The impeachment of Nairobi Governor Johnson Sakaja has resurfaced, as County Assembly members attempt to revive the process of the city county chief's ouster.
Addressing the media on Tuesday evening, a section of MCAs led by Minority Deputy Leader Waithera Chege claimed an attempted move to notify the Clerk to verify signatures for the governor's impeachment proved futile after he went missing.
“We were ready to present both the signatures and notice of impeachment. The only problem we’ve had today is that after the House Business Committee sitting, the clerk was nowhere to be seen,” she said.
According to Waithera, who is also the Nairobi South MCA, they raised their grievances with the Speaker
The UDA legislator explained that Tuesday’s delay was due to the clerk’s absence after the Assembly’s business session.
Waithera confirmed that the Speaker had promised that by 11:00 am Wednesday, the clerk would be ready to receive both the motion and any attached documents.
The MCA noted that the motion contains 22 counts, but the details cannot yet be disclosed.
“We cannot mention the figures now, until the clerk receives and counterchecks the signatures,” Waithera said.
She added that legal procedure requires the clerk to submit all documents first to the Speaker’s office for further clarification before the motion becomes official.
Tuesday’s events marked the latest step in a process that began months ago.
The latest impeachment bid comes five months after MCAs abandoned an earlier attempt to remove Sakaja, which was halted after President William Ruto and the late Raila Odinga intervened.
In September 2025, both leaders convened meetings with allied MPs and ward representatives, urging dialogue and focus on service delivery rather than political brinkmanship.
At State House, Ruto met UDA-aligned MCAs and warned them against pursuing the ouster motion. Drawing from his own political experience, he reminded ward representatives, “Leadership demands resilience, not retaliation,” and urged them to put aside differences for development.
Meanwhile, Raila convened ODM MPs and MCAs at the Jaramogi Oginga Odinga Foundation.
The session, chaired by veteran politician Fred Gumo and later joined by Sakaja, concluded with a consensus to drop the earlier impeachment push, which insiders said would have destabilised the capital.
Calls for Sakaja’s removal continued even after the pause. Embakasi Central MP Benjamin Gathiru, popularly known as Meja Dong, criticised the intervention by Raila and Ruto.
“It is very shameful when the whole of Nairobi’s voters are crying because they are getting poor services, then the handshake brothers can get eight hours to discuss someone incompetent instead of using the eight hours to hear the pleas of Nairobi residents,” he said.

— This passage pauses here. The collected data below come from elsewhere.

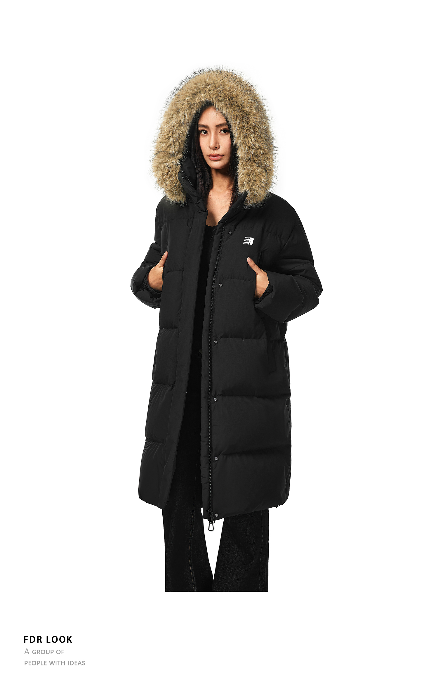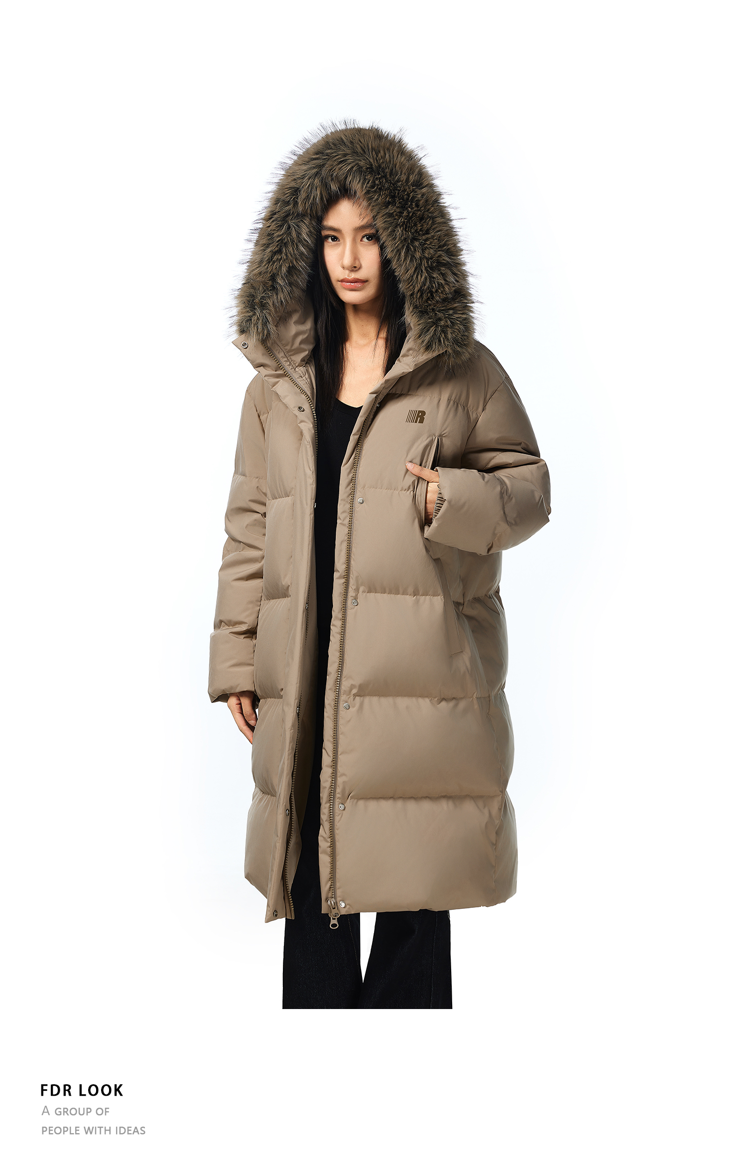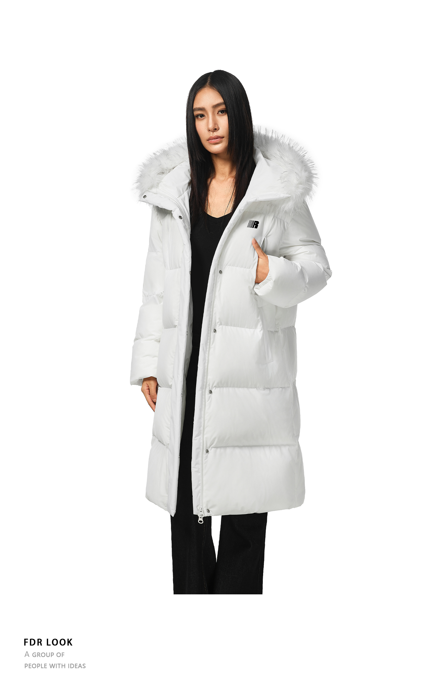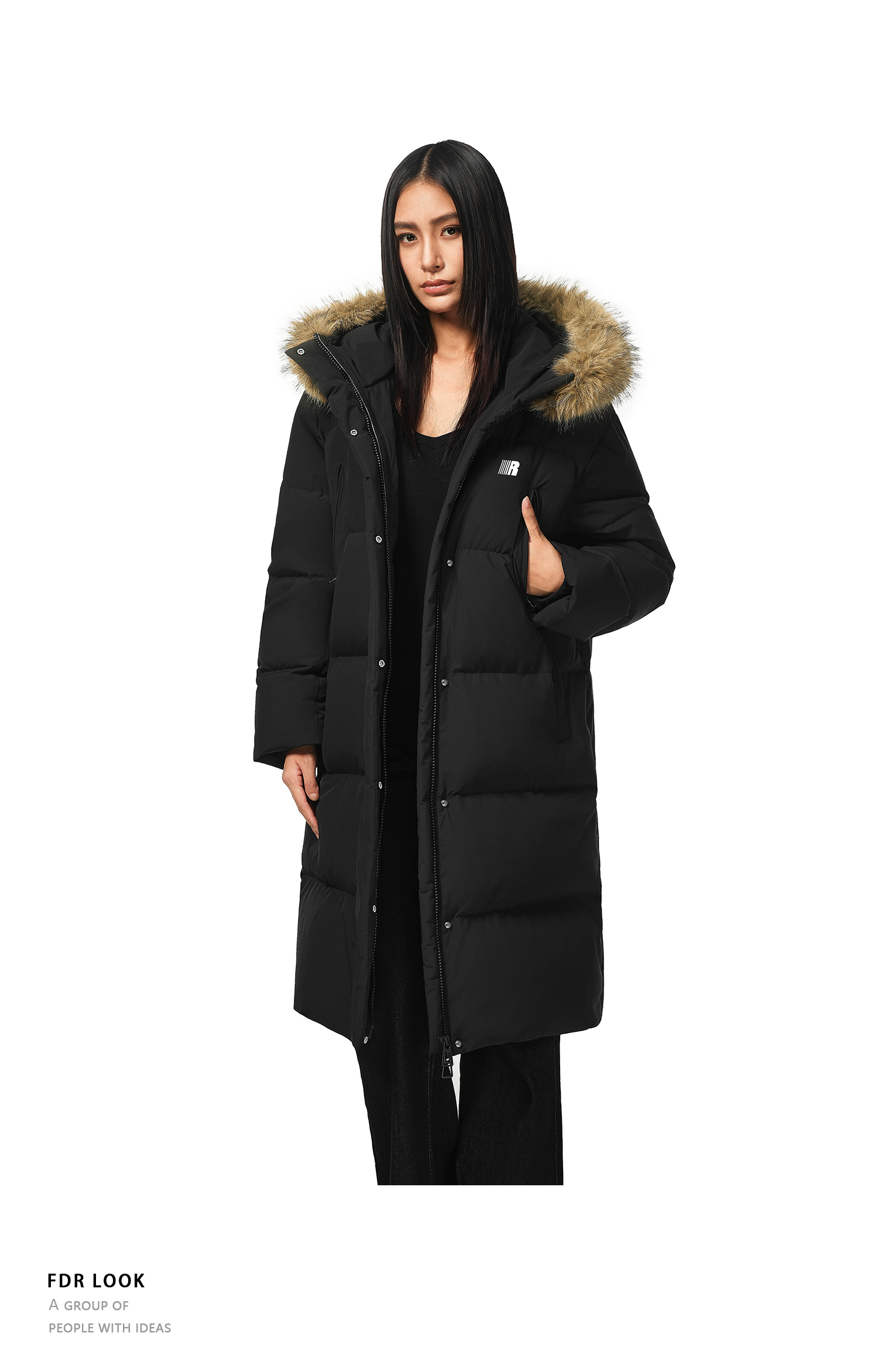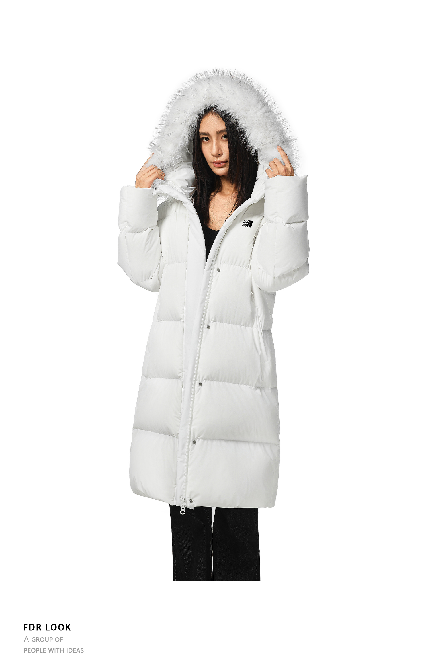 FDR官方店 保暖情侣厚外套男款可拆卸毛领中长款羽绒服女款冬季
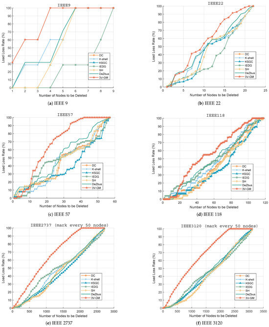 As shown in Figure 7, stepwise node removal simulations were performed on multiple power networks based on criticality classification. Specifically, as illustrated in Figure 7b–d, although the initial performance of the proposed 3V-GM was not always optimal, as the number of deleted nodes increased, its load loss rate was the first to reach 1 and it almost always outperformed other methods. Furthermore, as seen in Figure 7a,e,f, the proposed method consistently maintained superior performance, demonstrating its overall advantage. Specifically, as shown in Table 3, when 20% of the nodes are removed, 3V-GM causes a 33.03% average load loss rate across all experimental networks, far exceeding those of DeZbus (19.31%), IEDC (15.87%), and K-shell (13.88%). This advantage amplifies as the removal ratio increases, reaching 97.86% at 80% removal, compared to the next-best method, DeZbus (84.34%). By accurately prioritizing high-impact areas, the method provides robust decision support for the maintenance of grid stability and operational efficiency, forming a strong basis for the optimization of scheduling strategies and implementation of targeted node protection measures.
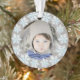 Personalize este ornamento de duas fotos lado a lado com este design de floco de neve branco opal para os avós como uma bela manutenção para o Natal ou Hanukkah. A frente deste Enfeites de natal personalizado redondo apresenta um modelo de foto rodeado por uma borda de cinza de pomba e uma questão de falso falso falso falso flocos de neve opais iridescentes ao redor. O modelo de foto torna mais fácil carregar uma foto do neto. A parte de trás desses Enfeites de natal personalizados tem um fundo sólido de cinzas ricas de pomba, três modelos de texto em uma fonte bem escrita e três flocos de neve opais brancos dispostos de forma artística em torno de seu texto personalizado. Adicione o(s) nome(s) do Avô, o(s) nome(s) do neto e o ano para um dos tipos, crie o ornamento da árvore dos seus Avós em cinzas e flocos de neve brancos opais para o tesouro por anos. Tão fofo e fácil de personalizar, é fácil fazer um para a vovó e um para o vovô para um conjunto de correspondência.

The MP added that Nairobians had already made up their minds: “It has already been decided that Sakaja will be a one-term governor. Either way, he must go.”

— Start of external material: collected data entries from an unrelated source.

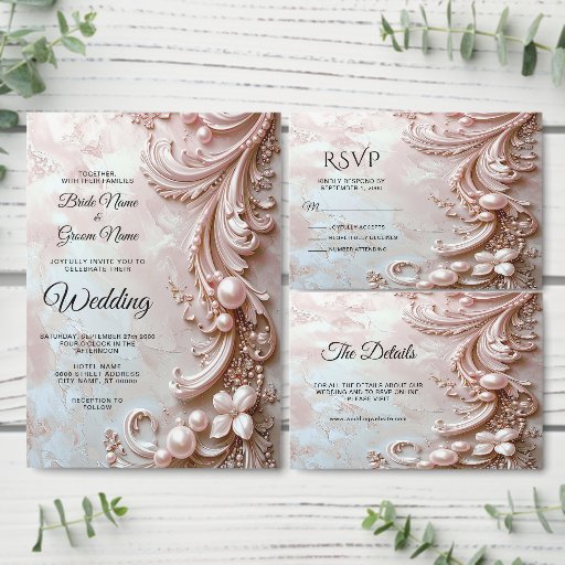 Beautiful Pink Ornate Pearl and Floral Rehearsal Dinner Invitation
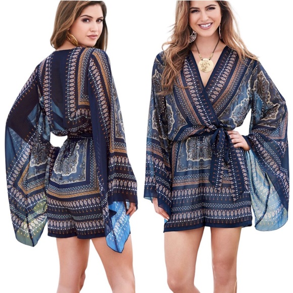 VENUS boho romper long flutter mesh sleeves women Size XS
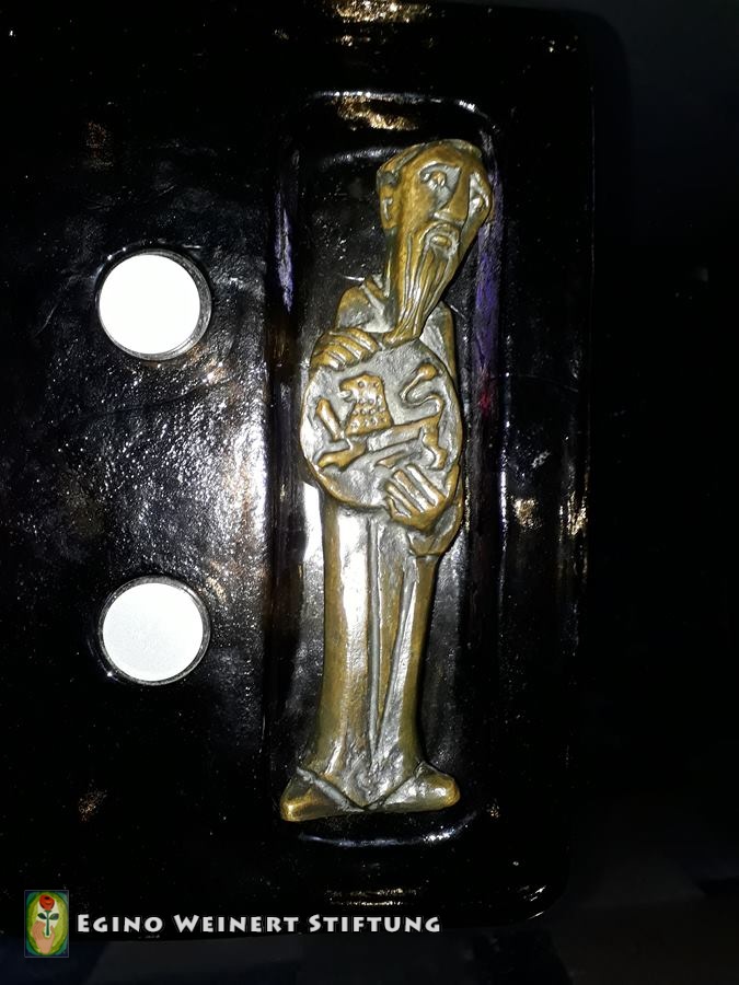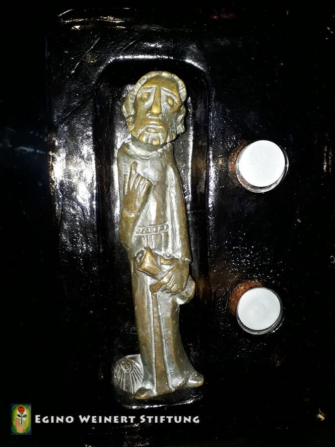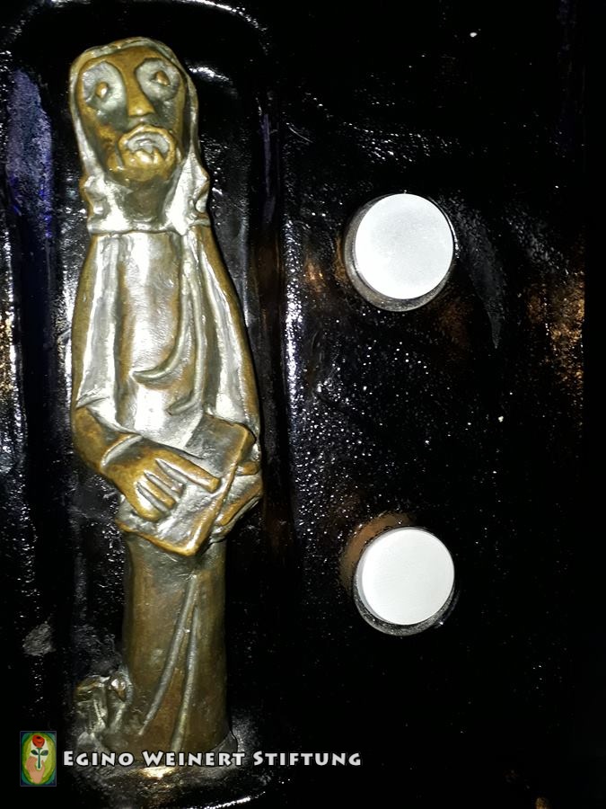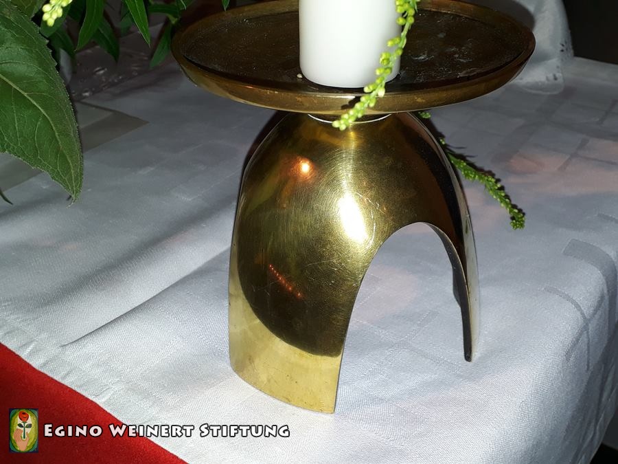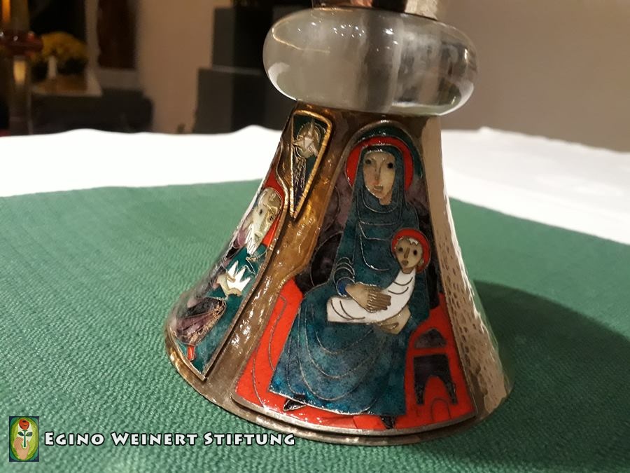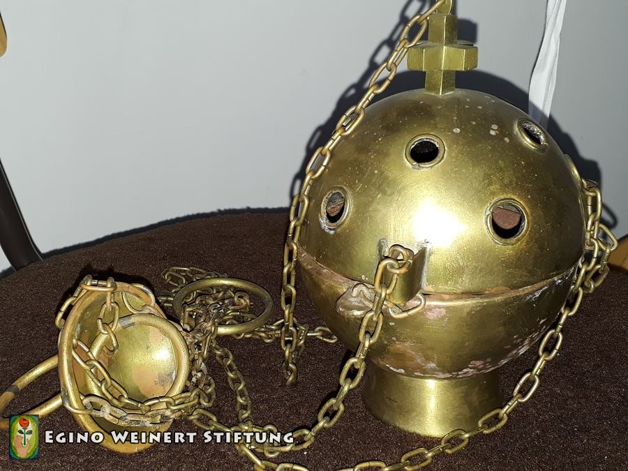 Sakristeiglocke, Kerzenständer, Weihwasserkessel und Weihrauchfass stammen ebenso aus der Werkstatt Weinert. Zwischen 1957 und 1962.

Sakaja is facing a county assembly that is watchful, impatient, and unwilling to back down if promises of reform remain unmet. For residents, the hope is simple: fewer political battles and better services.
MCAs backing the motion say they have drafted more than 20 charges and believe the evidence against the governor is overwhelming. What began as routine complaints about stalled projects and delayed bursaries, has eventually escalated into a coordinated impeachment push.